I want to have a big garden! I want to harvest things from the dirt, and can them in my steamy kitchen, and look at the rows of blue-glass jars glowing like jewels with their bounty of red and yellow peppers, and luscious tomatoes, and whatever the hell else people put in jars.


I want to stitch my own quilts, too, and have that magical woman's touch that I read about somewhere, possibly in "Little Women," where just moving a few items around in just the right way suddenly makes a damn house a fricking home.

I did go through a time, in my early 20s, when I gardened and canned, and then figured, "Now that I have done this, I never have to do it again." And in my late 20s I made crib-sized quilts for several sisters and friends who were popping out babies at the time (something else I've never done), laboriously stitching everything by hand because I didn't own a sewing machine and didn't want to invest in one, knowing myself well enough to suspect that this was probably a passing phase. (It was.)

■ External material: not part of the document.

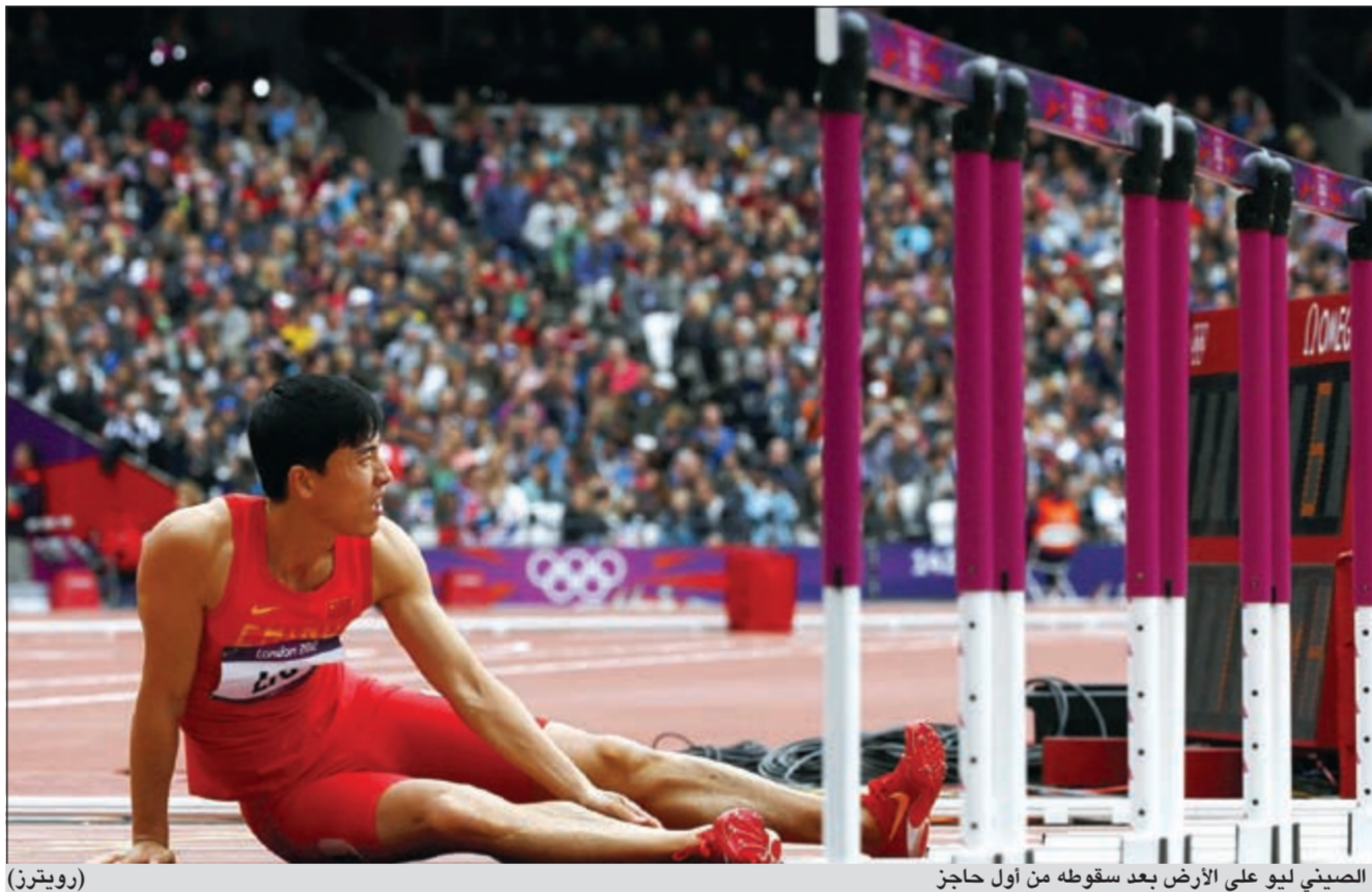
الصيني ليو على الأرض بعد سقوطه من أول حاجز

خرج الصيني تشانغ ليو من الدور الأول في تصفيات سباق 110م حواجز بعدما تعرض لقطع في وتر أخيل. وداس ليو، بطل أولمبياد اثينا 2004 وأحد المرشحين الأقوياء للفوز بالذهب، على عارضة الحاجز الأول فسقط أرضا وخرج من المنافسة وهو يعرج بسبب إصابة ربما في وتر أخيل قدمه اليميني ثم سعد إلى عربة نقل صغيرة انتجهت به إلى غرفة الإسعافات الأولية بعد أن كان مسرورا أمام الكاميرا خلال حركات التحمية قبل السباق كما أظهرته صور الكاميرا. وقال مسؤول الفريق الصيني فينغ شو يونغ: «التشخيص الأولي للفريق الطبي أنه تعرض لانقطاع في وتر أخيل. في السنوات الأخيرة خضع لعلاج طبي جيد، لكن الإصابة ما زالت متواجدة».

One sister wrote me a letter of thanks in which she said that she liked the quilt, used it often, her baby peed on it, she washed it, and it "got all bunchy."

I guess the truth is that I don't really want to do any of those things; I only want to want to do them.  In truth, I find the domestic arts to be difficult and unnatural and aggravating; I have no skills in cooking, sewing, decorating or nurturing, and while I would love to blame someone, maybe my mother, I can't, because other people in my family are fabulous gardeners and fabulous cooks and, yes, fabulous quilt-makers, and my own mother, while she hated to sew, knows how to do it very very well and is also the best cook I know.


I did not do well in those mandatory home ec classes in school, either, making the world's simplest skirt (basically a pillow case with an elastic waist, no pockets, no zipper, no waistband, no buttons, no buttonholes), and yet it took me all semester, laboriously picking out crooked seams with that sharp little tool we all had, oh, such picky work, and sweating over the stay-stitching.

The second semester we were required to make an entire dress; I panicked and made a jumper, because I knew there was no way in hell I'd ever be able to set a sleeve.  The simple jumper, which I never wore (it was too small) earned me a C because I never got around to doing the top-stitching on the zipper. (I knew that if I attempted it the sewing machine needle would end up embedded, somehow, in the middle of the zipper, and it would break off and possibly the whole machine would go down, and I would end up owing Woodland Junior High School a lot of money. Much easier to just not do the top stitching, take the C I deserved, and skulk on with my life.)

In my mind, I dream of retiring and becoming self-sufficient: Plowing up our wide sideyard and planting vegetables and getting a straw hat and a lovely flat basket for cuttings. (Not sewing my own clothes; even my wildest dreams don't get that wild.)

But when I retire, if that day ever comes, I know what I will really be doing:


I will be doing what I always do in the summertime. Sitting in the backyard with a couple of dogs, something cold to drink, and a good book.

Fortunately, I have a husband who understands.


Thanks, dear. Margherita pizza for dinner?